START GIVEN INFORMATION
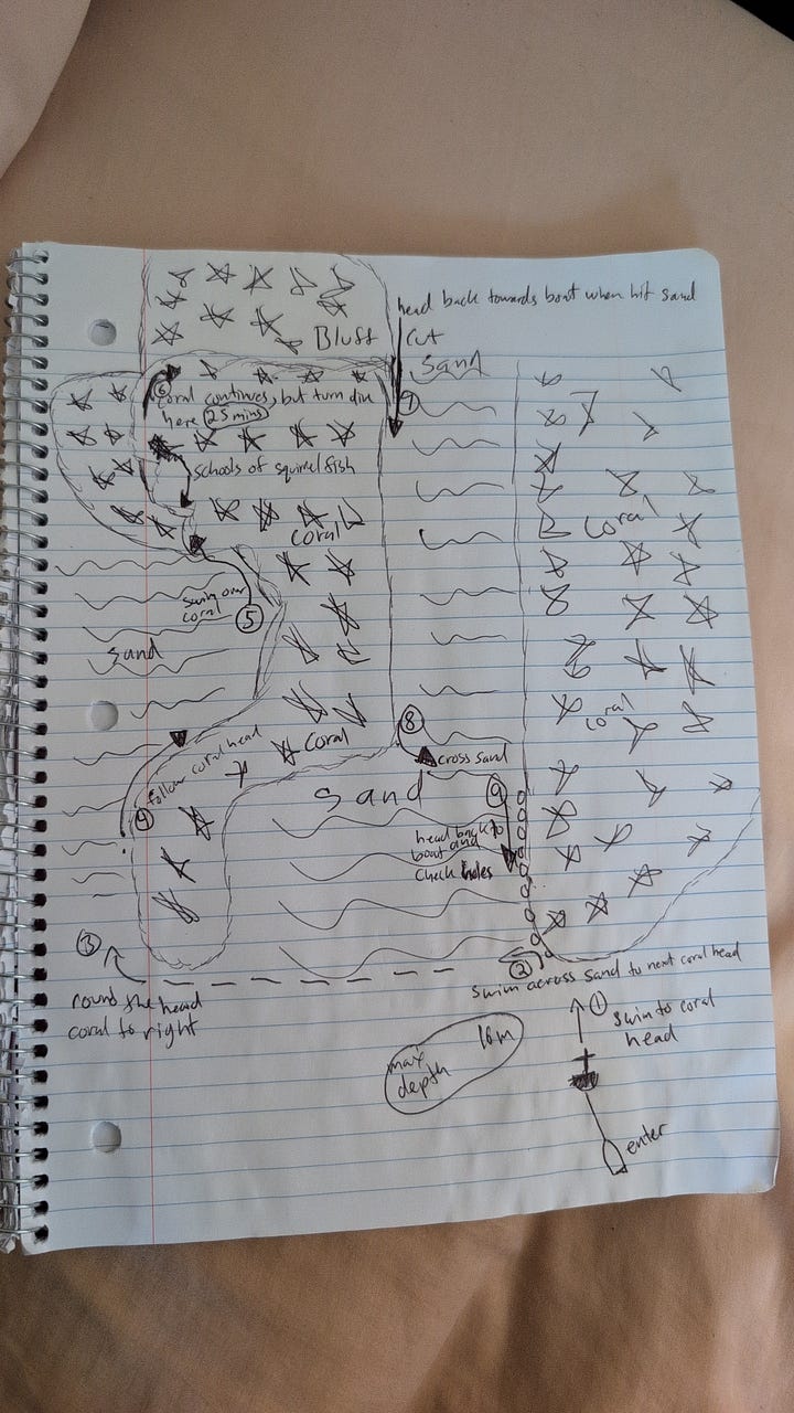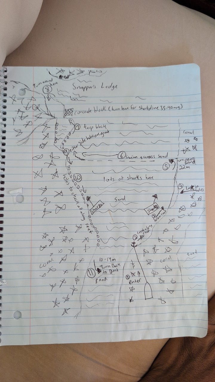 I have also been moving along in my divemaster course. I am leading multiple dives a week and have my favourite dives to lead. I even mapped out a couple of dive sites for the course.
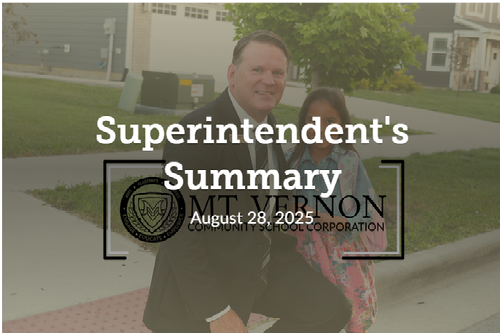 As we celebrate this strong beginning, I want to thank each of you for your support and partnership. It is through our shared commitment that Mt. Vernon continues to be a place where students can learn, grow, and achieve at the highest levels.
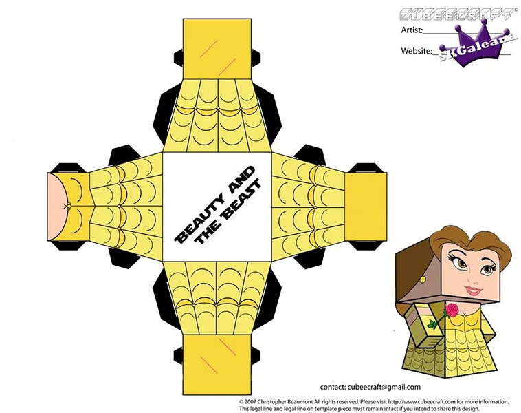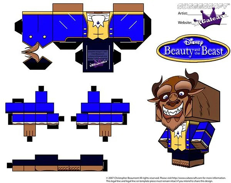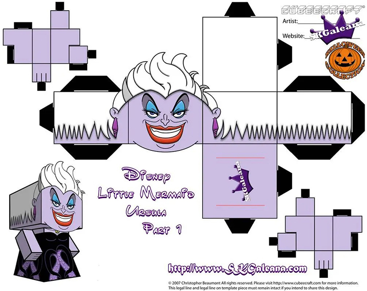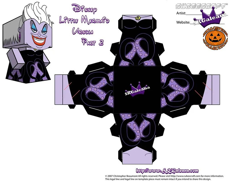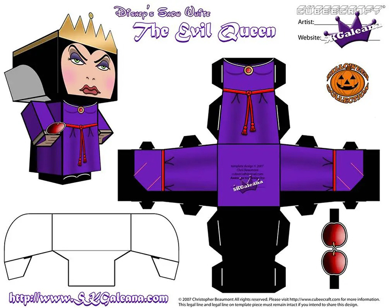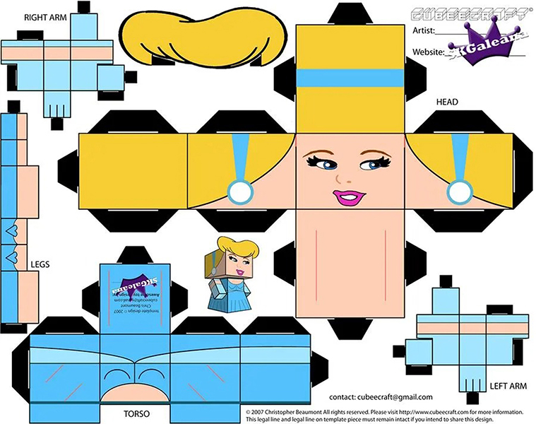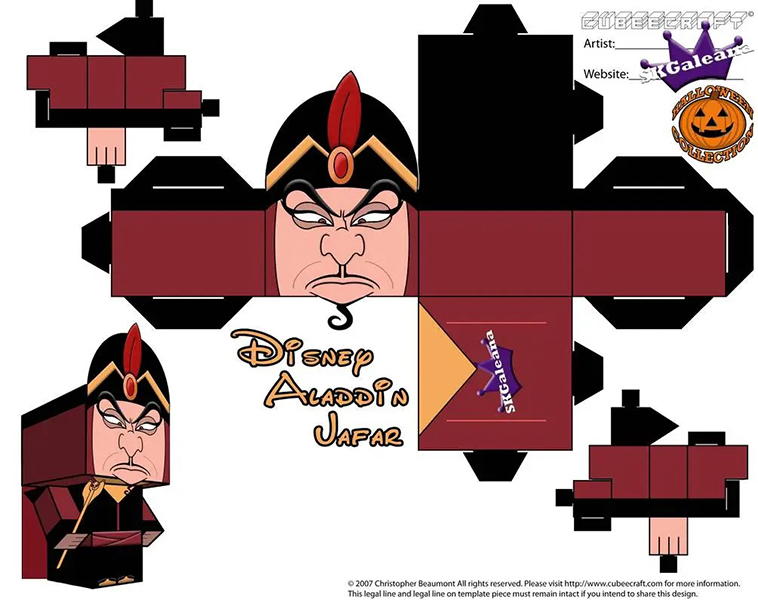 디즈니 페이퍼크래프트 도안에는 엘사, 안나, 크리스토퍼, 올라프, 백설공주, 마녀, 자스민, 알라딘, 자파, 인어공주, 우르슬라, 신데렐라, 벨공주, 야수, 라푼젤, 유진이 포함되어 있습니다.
END GIVEN INFORMATION
START GIVEN INFORMATION
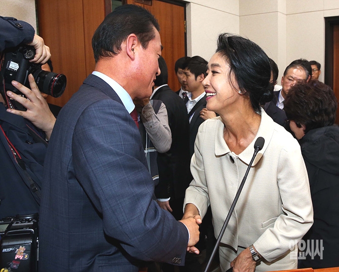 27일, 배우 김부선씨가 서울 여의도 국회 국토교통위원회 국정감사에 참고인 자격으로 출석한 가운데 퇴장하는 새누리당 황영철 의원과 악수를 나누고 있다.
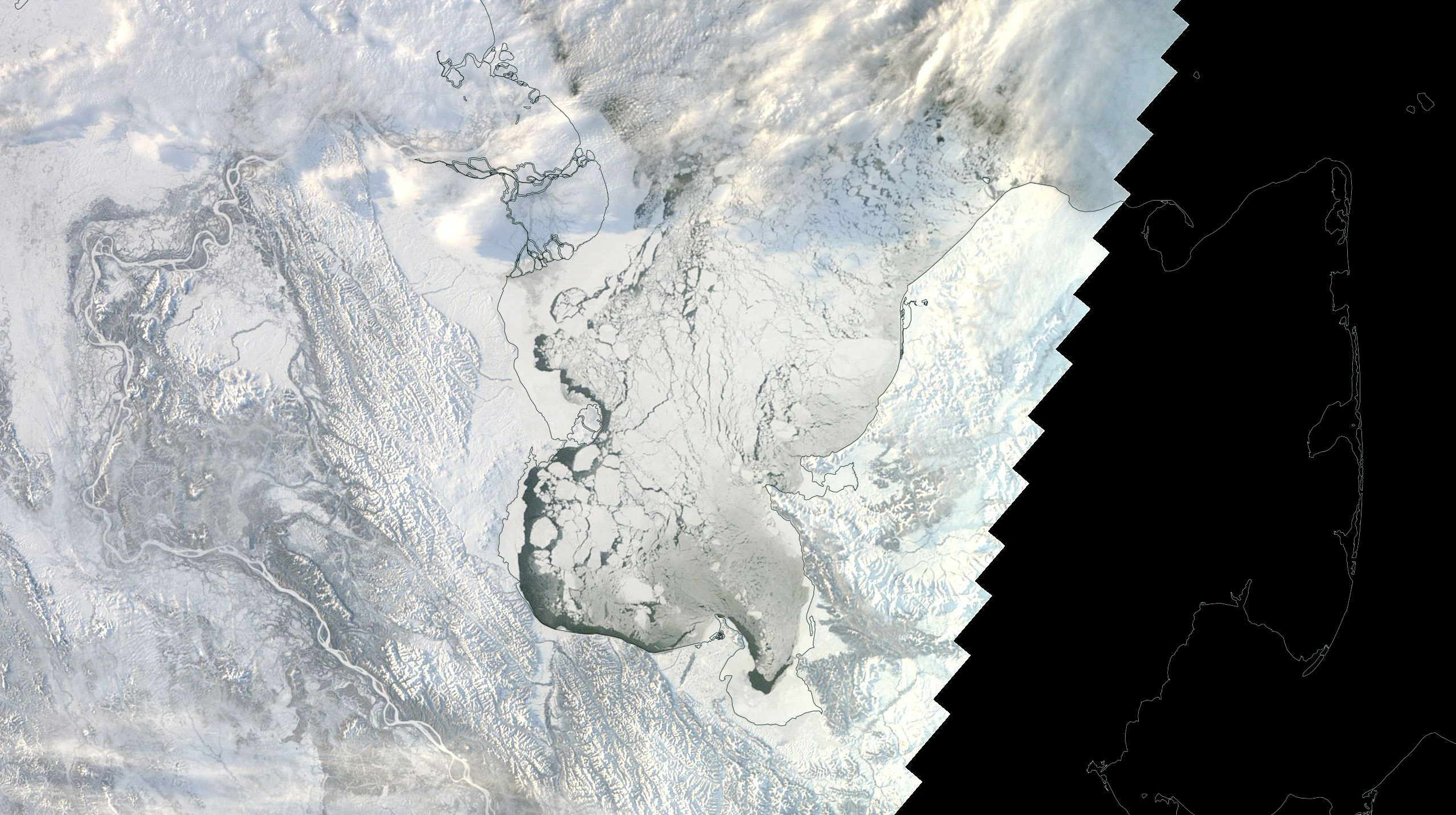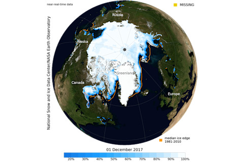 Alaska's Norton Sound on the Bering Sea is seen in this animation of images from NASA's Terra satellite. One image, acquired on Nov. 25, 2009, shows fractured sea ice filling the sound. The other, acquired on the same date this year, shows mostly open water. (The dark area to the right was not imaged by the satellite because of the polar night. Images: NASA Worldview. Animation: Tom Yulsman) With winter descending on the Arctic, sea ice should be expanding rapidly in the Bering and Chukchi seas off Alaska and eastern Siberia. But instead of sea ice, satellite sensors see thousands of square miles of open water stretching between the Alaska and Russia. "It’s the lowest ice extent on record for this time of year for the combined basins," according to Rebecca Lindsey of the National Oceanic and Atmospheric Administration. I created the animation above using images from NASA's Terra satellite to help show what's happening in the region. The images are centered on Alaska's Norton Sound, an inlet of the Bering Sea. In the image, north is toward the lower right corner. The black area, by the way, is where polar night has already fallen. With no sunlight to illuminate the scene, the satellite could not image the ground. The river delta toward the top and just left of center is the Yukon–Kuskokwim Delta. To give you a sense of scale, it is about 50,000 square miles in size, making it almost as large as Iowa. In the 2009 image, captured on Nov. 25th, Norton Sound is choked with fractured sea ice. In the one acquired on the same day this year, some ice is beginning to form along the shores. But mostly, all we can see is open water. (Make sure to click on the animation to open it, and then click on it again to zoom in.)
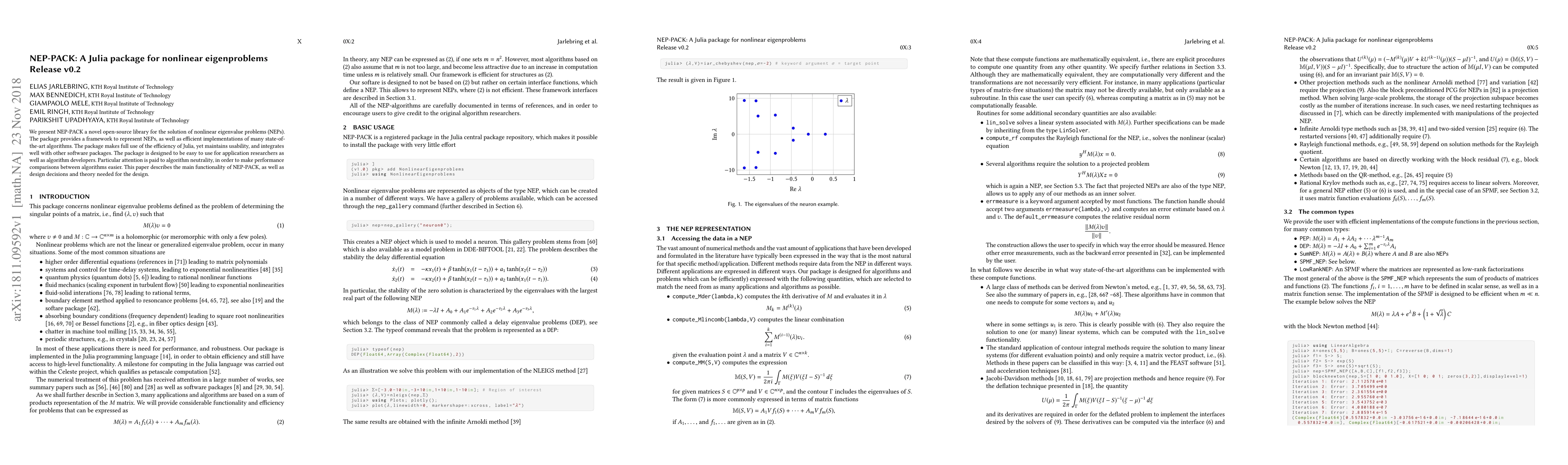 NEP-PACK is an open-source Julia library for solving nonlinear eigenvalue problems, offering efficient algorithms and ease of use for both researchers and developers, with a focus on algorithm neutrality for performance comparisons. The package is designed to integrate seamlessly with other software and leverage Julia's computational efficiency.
END GIVEN INFORMATION
▶ _TO DO_:
Copy word for word the lines of the records above from the one with "Alaska's Norton Sound on" up to and including the one with "NEP-PACK is an". Skip the pictures.

▶ _SOLUTION TO THIS TASK_:
 Alaska's Norton Sound on the Bering Sea is seen in this animation of images from NASA's Terra satellite. One image, acquired on Nov. 25, 2009, shows fractured sea ice filling the sound. The other, acquired on the same date this year, shows mostly open water. (The dark area to the right was not imaged by the satellite because of the polar night. Images: NASA Worldview. Animation: Tom Yulsman) With winter descending on the Arctic, sea ice should be expanding rapidly in the Bering and Chukchi seas off Alaska and eastern Siberia. But instead of sea ice, satellite sensors see thousands of square miles of open water stretching between the Alaska and Russia. "It’s the lowest ice extent on record for this time of year for the combined basins," according to Rebecca Lindsey of the National Oceanic and Atmospheric Administration. I created the animation above using images from NASA's Terra satellite to help show what's happening in the region. The images are centered on Alaska's Norton Sound, an inlet of the Bering Sea. In the image, north is toward the lower right corner. The black area, by the way, is where polar night has already fallen. With no sunlight to illuminate the scene, the satellite could not image the ground. The river delta toward the top and just left of center is the Yukon–Kuskokwim Delta. To give you a sense of scale, it is about 50,000 square miles in size, making it almost as large as Iowa. In the 2009 image, captured on Nov. 25th, Norton Sound is choked with fractured sea ice. In the one acquired on the same day this year, some ice is beginning to form along the shores. But mostly, all we can see is open water. (Make sure to click on the animation to open it, and then click on it again to zoom in.)
 NEP-PACK is an open-source Julia library for solving nonlinear eigenvalue problems, offering efficient algorithms and ease of use for both researchers and developers, with a focus on algorithm neutrality for performance comparisons. The package is designed to integrate seamlessly with other software and leverage Julia's computational efficiency.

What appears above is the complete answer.